Last week, I wrote about things wedding couples should keep in mind when many guests will be traveling long distances. This week is specifically about destination weddings, when the bride and groom decide to have the wedding at a place not local to either of them. Tourist locations are the most common destination weddings, particularly those in warm locales with beaches. With so much involved, consider ways you can help guests enjoy what should be a vacation for all.
Pay for the Bridal Party’s Accommodations
Destinations weddings are expensive to attend. Etiquette states the bridal couple should foot the hotel bill for groomsmen and bridesmaids. If the couple’s families are paying, the bride’s family pays for the bridesmaids and the groom’s family pays for the groomsmen. Other costs, such as travel, do not need to be covered.
Invite Everyone to the Rehearsal Dinner
Wedding etiquette dictates out-of-town guests should always be invited to a rehearsal dinner, but this is particularly important for a destination wedding. Spend as much time as possible with them, lest they feel like a secondhand guest. If there is a brunch the next day everyone should be invited to that as well.
Organize a Group Activity
You’ve found a great location for the wedding, so take advantage of it. Find something the locale offers that guests would not normally get to experience.

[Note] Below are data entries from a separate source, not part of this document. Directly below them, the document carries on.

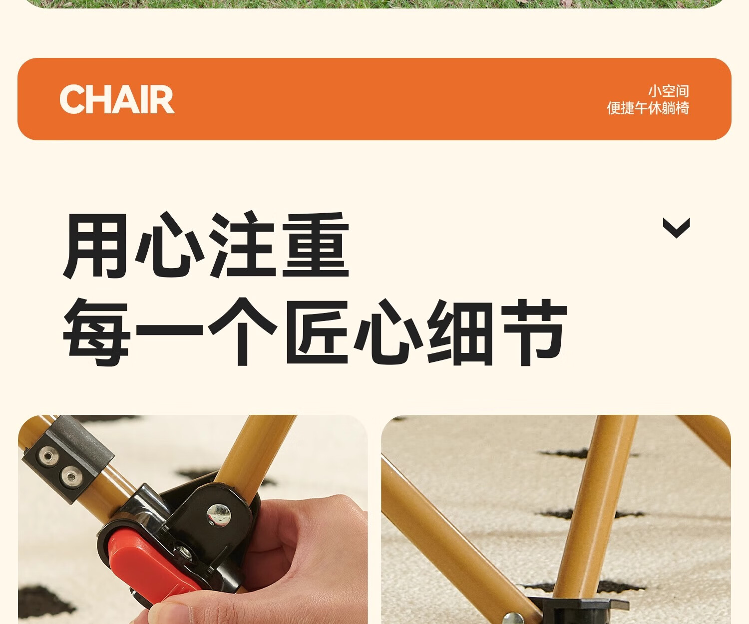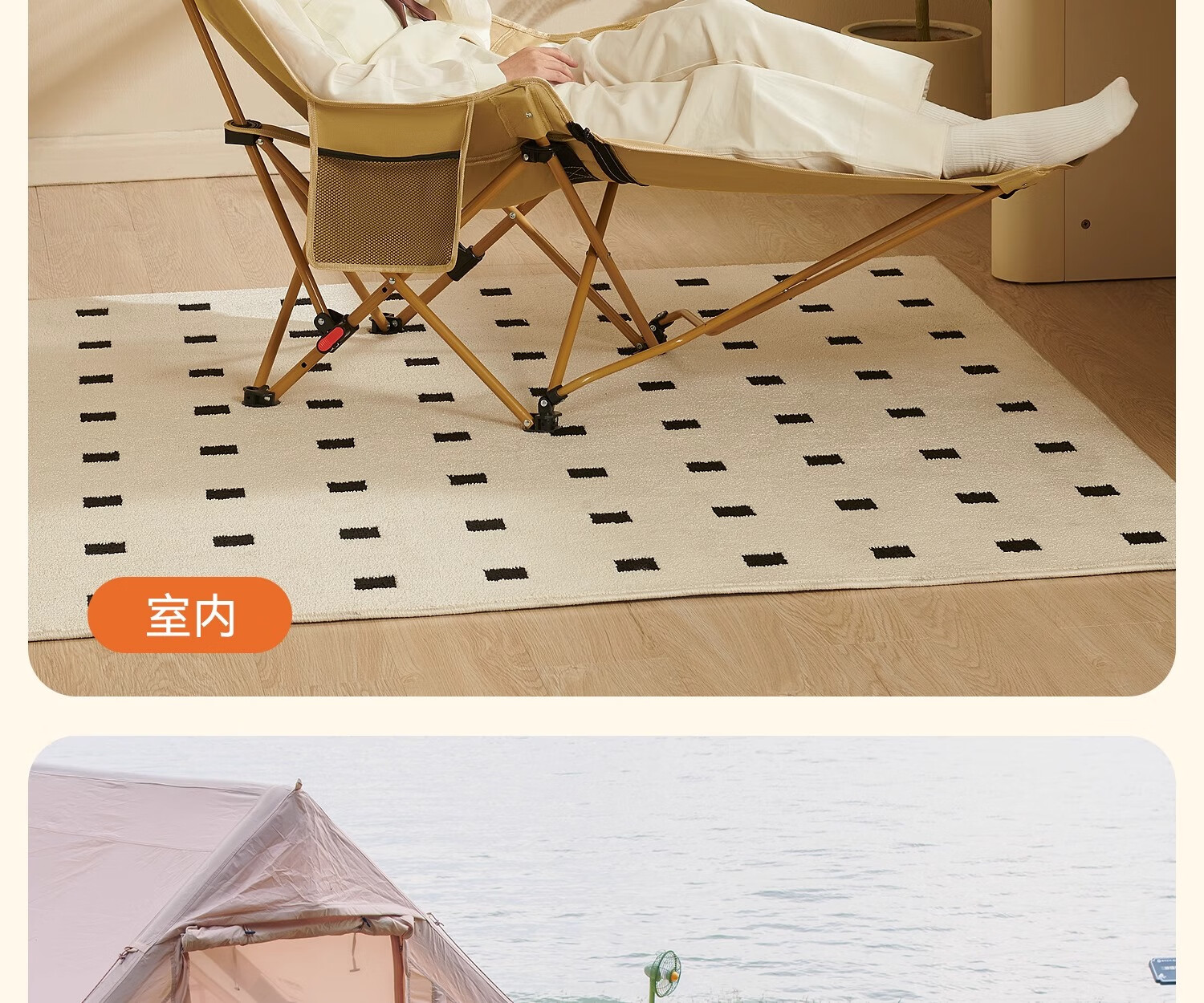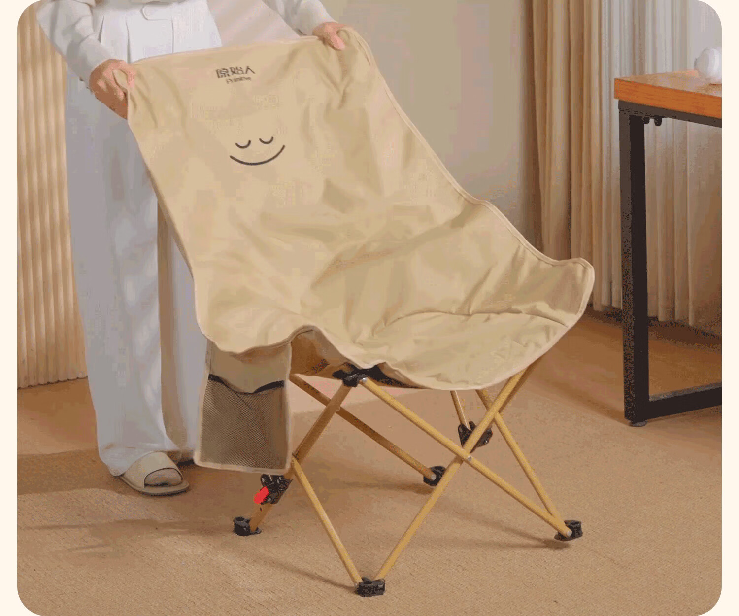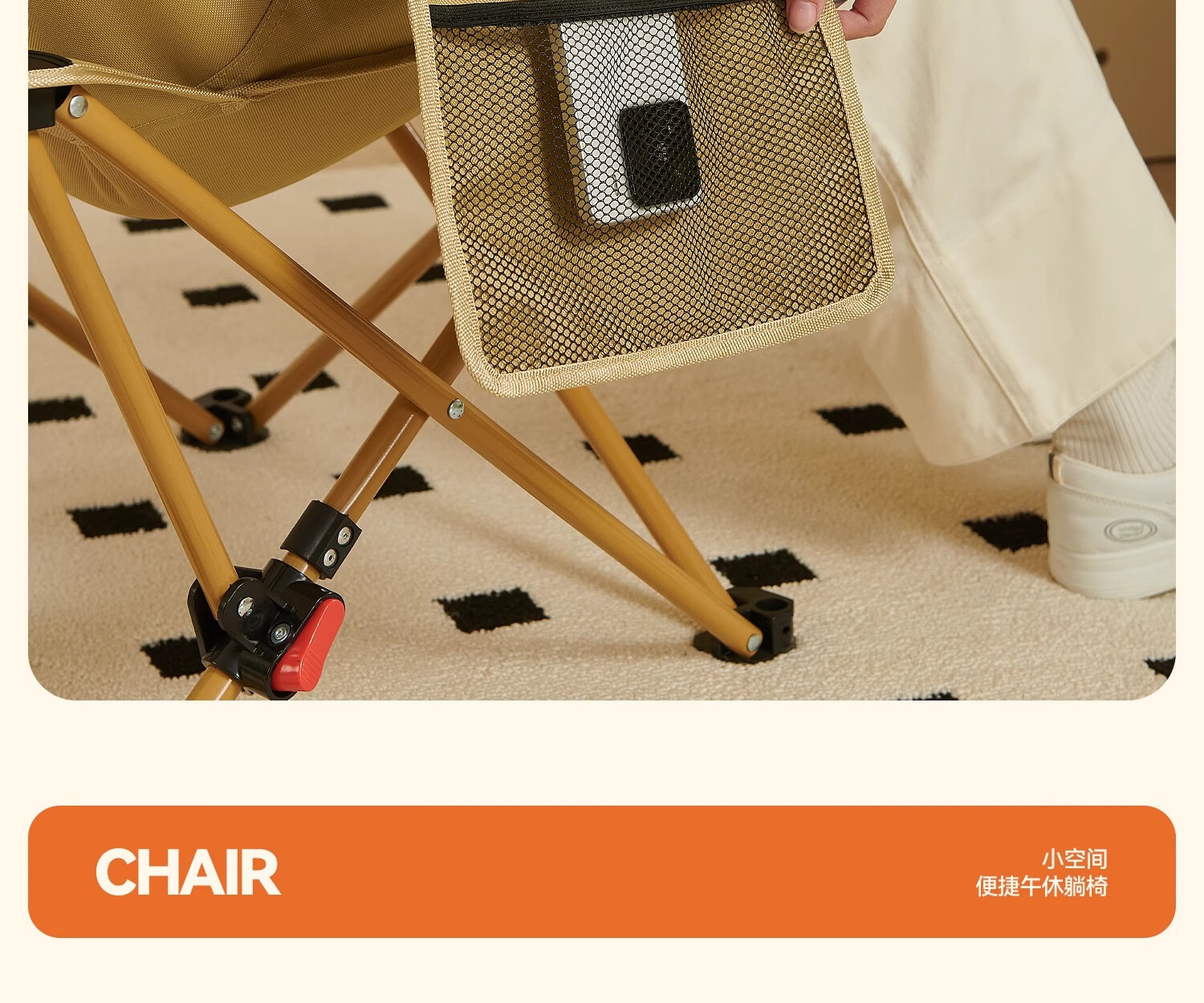 在公园看到露营的人们使用原始人的躺椅,试过感觉这体验感不错,就立马下单,结实稳固,有质感,包裹性强,躺下去170身高也够长,边上网兜袋一个方便放手机等物件,收纳也轻松,值得推荐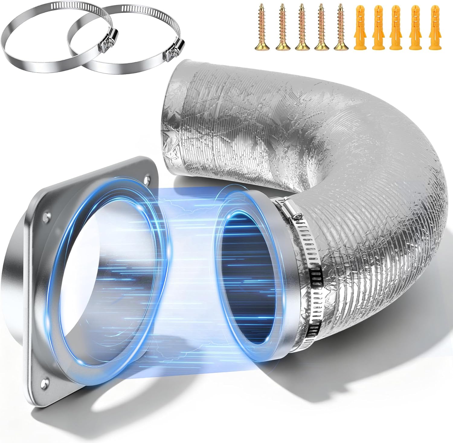 Included Components magnetic dryer vent coupling x1, 2.6 FT of 4" Aluminum Foil Hose x1, Screws×4, Stainless Steel Hose Clamps x2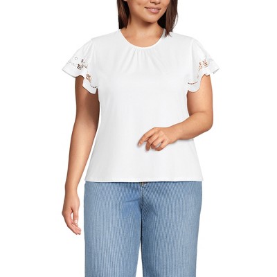 Lands' End Women's Supima Cotton Elbow Sleeve Boatneck Button Shoulder Tee

Don’t Expect Cell Service Outside the US
We are very used to making and changing plans at the last minute with cell phones. However, most cell plans only cover the United States. They simply will not work outside the country. Even if you have an international plan, all of your guests probably do not, so planning everything ahead of time thorough detailed communication is really crucial.
Don’t Expect Expensive Gifts
Travel may already be breaking people’s budgets, so don’t be surprised if gifts are minimal. You may even express there is no need for gifts, that you consider their presence to be gift enough.
Provide Welcome Gifts
Many couples at destination weddings offer guests a gift bag upon arrival. These often contain useful items such as sunscreen, but they may also contain something intended to be taken home. Just remember such gifts have to fit into suitcases and pass TSA inspection if guests are flying.
Gift bags can also include local maps, schedules, points of interests and other information but vital and helpful. This information has hopefully been previously shared, but it’s a handy backup for guests who forgot theirs at home. This also allows for last minute changes to plans to be communicated.
Destination weddings are a serious undertaking for both the wedding couple and their guests. It’s meant to be an experience everyone will remember, so do your best to assist guests in enjoying the event. Be considerate, anticipating problematic aspects of the trip and mitigate them when possible. Provide plenty of communication, and show your appreciation by including everyone in as many things as possible. Make attending a destination wedding a vacation rather than a chore.